• [What you will do]: Among the records, how many lines carry the string "health"? Give that number with nothing added.
─── Given data
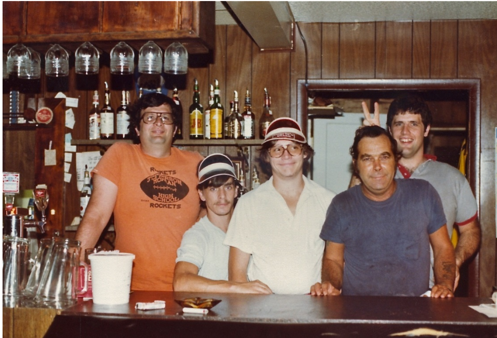
The Anchor Lounge circa 1983. That's me making the bunny ears over one of the employees.

made deals with all the creditors to give me time and I paid off every last penny. I was not about to screw over people who had trusted in me.
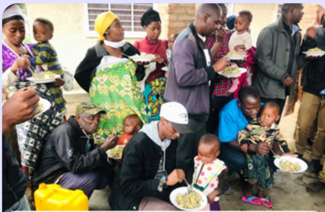
Twiyubake group members feeding their children after a health diet cooking demonstration session.

The Papa lumière coached his comrades on VNS methodology and asked the field agent operating in Bukinanyana cell to organize a session on SILC methodology as promoted by GKB. The group started contributing for foods commodities for VNS monthly cooking demonstration and they even regularly participate. The group undertook SILC activities in September 2022 and as today, their saving is elevated to Frw 311,600, Social funds of Frw 65,550 and total loans of Frw 402,700. Members we able to run small business which transformed positively household economic lives (many HHs have bought small animals like sheeps ,,..) and they all started to actively contribute in their children' nutrition, health and education. Moreover, the group is actively contributing to the establishment of kitchen gardens in all households.
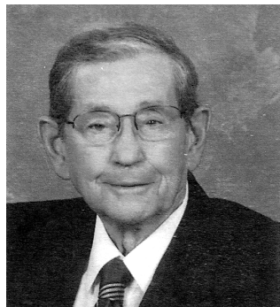
Nov. 11, 1920 – Oct. 18, 2014
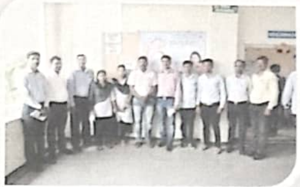
Dignitaries for the inaugural of Voter awareness programme
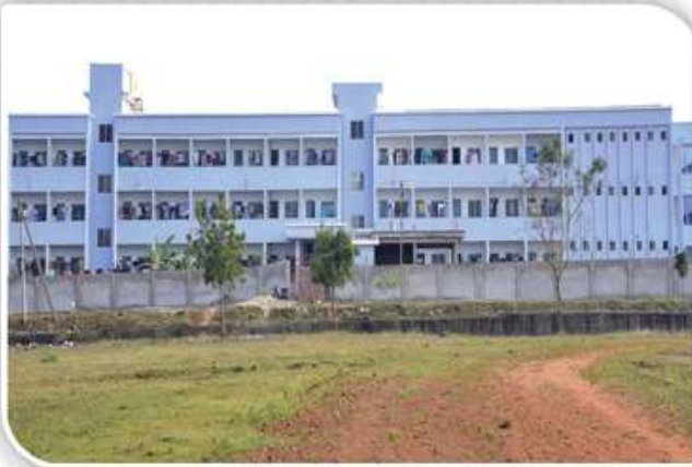
Halls of Residence for Women, RJK Campus
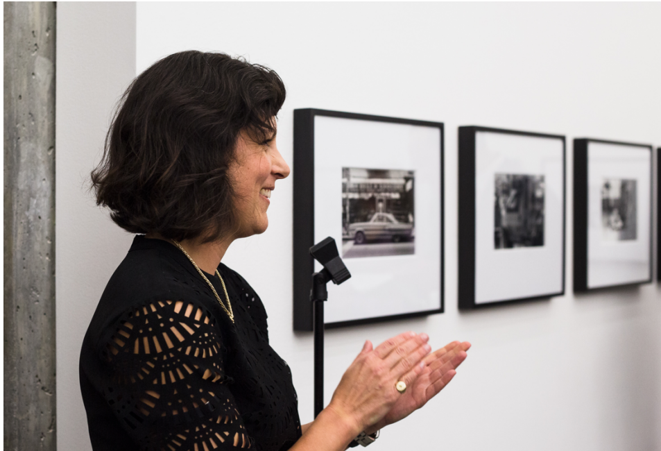
2017 Festival Launch at Contemporary Art Gallery.
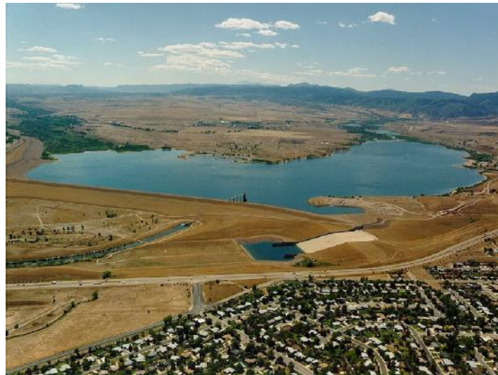
Aerial View of Chatfield Reservoir
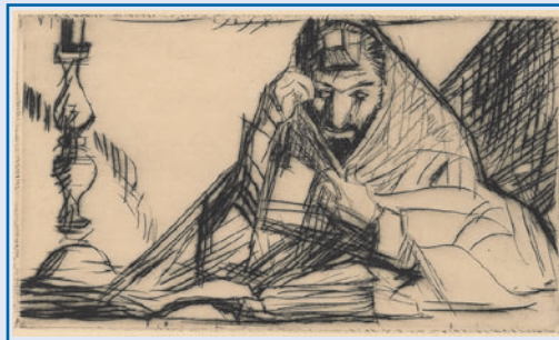
Brangwyn (attrib.), Untitled, n.d.

Printing made it easy to learn from inexpensive books and to carry them, if necessary, wherever one might settle – a boon, in particular to the peripatetic Jew. Soon all kinds of secular and religious material – as well as anti-Jewish and proselytizing tracts – was readily available. Prints that described religious observances and holiday celebrations, that depicted costumes and worldly goods, that paraded everyday faces and forms, or that offered nostalgia, common traditions, and sincere piety have provided the principal visual documentation of Jewish life. Yet much has been erased from the Jewish memory because so many works were periodically destroyed in bonfires and pogroms, and because much of folk art was neither highly esteemed nor preserved. But the supply of printed pictures and books that remains recalls an entire Jewish culture – in its accomplishments and in its battles to exist. It is through such works that the Jewish experience from the fifteenth through the twentieth centuries is reflected.
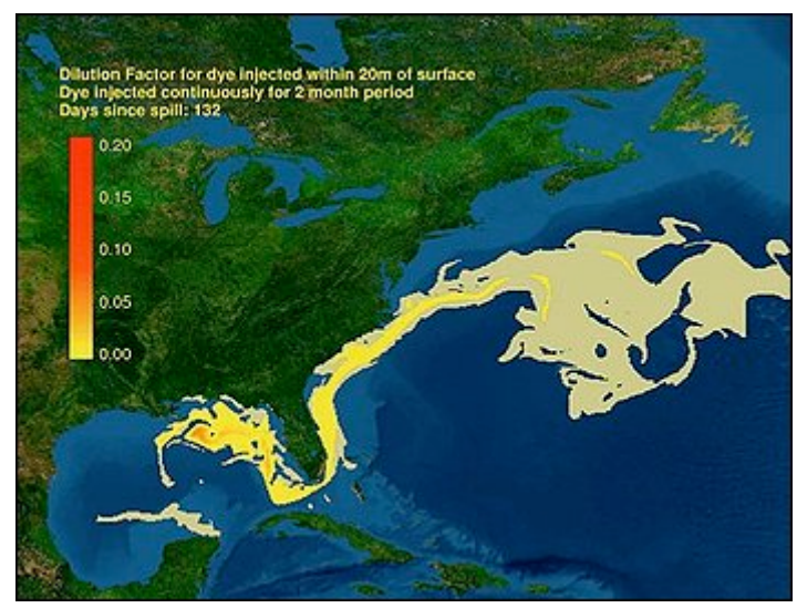
Figure 4: The Estimated Range Impacted by the Gulf Oil Spill.

The oil spill in the Gulf of Mexico will have lasting effects on both marine and coastal habitat required by the Caribbean Electric Ray. An oil spill can cause extensive mortality throughout the marine ecosystem from the basic foundations of phytoplankton, algae, coral and seagrass to the largest and most mobile organisms.<sup>12</sup>
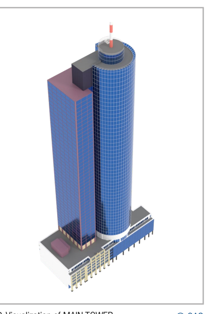
3D-Visualization of MAIN TOWER.
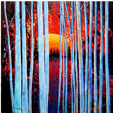
Blue Aspens at Dusk

I paint with bright, bold colours that are applied in "bricks" – each brick integrates with other bricks to form an overall seamless recognizable image. It's a technique I describe as "Brickilism™".
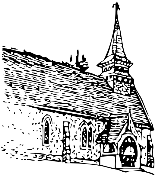
St. Lawrence, Westcott
──────
• [Answer space]: 2